Standing in a warm and sweaty gym inside the Robert N. Davoren Center, the commissioner is cheering on a basketball team made up of young adults and teenagers waiting for their cases in criminal court to be resolved. They are playing a group of older detainees, most of whom appear to be in their mid- to late-20s.
Both teams have professional-looking uniforms and are being coached by correctional officers, who are out of their uniforms and wearing athleisure. The referee, also an officer, appears to be calling a fair game.
Maginley-Liddie has a fondness for these games and for the younger team, in particular, which has yet to notch a win.

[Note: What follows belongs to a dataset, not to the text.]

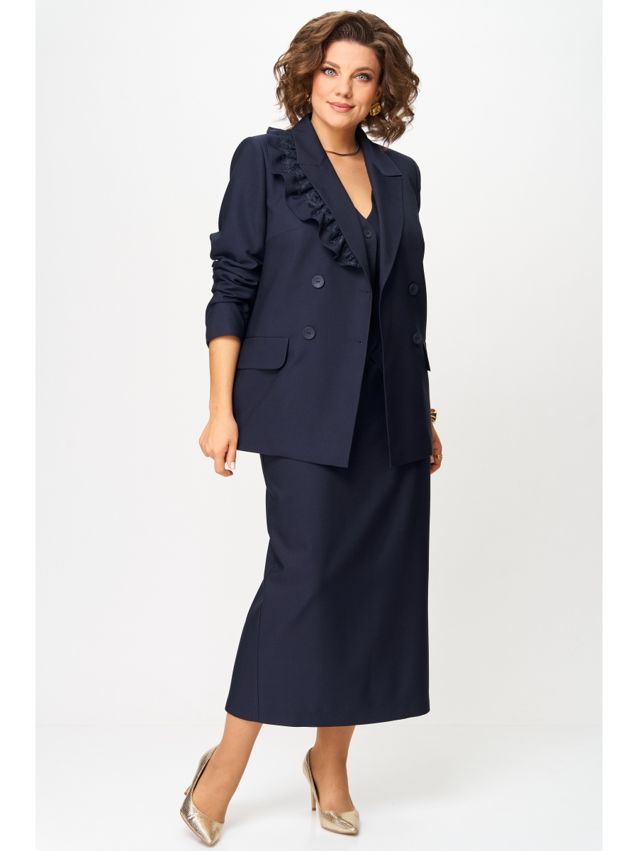 Жакет прямого силуэта, на подкладке, с плечевыми накладками. По переду — центральная двубортная застежка на петли и пуговицы, нагрудные вытачки и функциональные прорезные карманы с клапаном. Полочку жакета украшает съемная (на пуговицах) декоративная рюша с кружевом. Спинка со средним швом. Рукав втачной длинный двухшовный, с имитацией шлицы, декорированной пуговицами.

“Last week, I came in when they were practicing and they were like, ‘Don't worry commissioner, we will make you proud,’” she said. “They got beat so miserably.”
But this game appeared to be going differently. The young men were consistently on top.
Like the team’s success, the basketball tournaments were new. The agency had recently begun to roll them out facility by facility after Maginley-Liddie said she felt they drove home the ethos of her culture change. Everyone was part of the game while on the court. One’s rank as an officer, status as a detainee, or gang affiliation – it didn’t appear to matter within the confines of the tournament.
“One of the guys said to me today, ‘I didn't feel like it was in here [when I was playing],’” Maginley-Liddie said.
With only a few minutes left on the clock, Maginley-Liddie asked her security guard to check the score. The young detainees were still winning.
At least for today, the bonds of history were broken. No one was more shocked than the commissioner.
“They’re winning?” she said. “Are you sure?”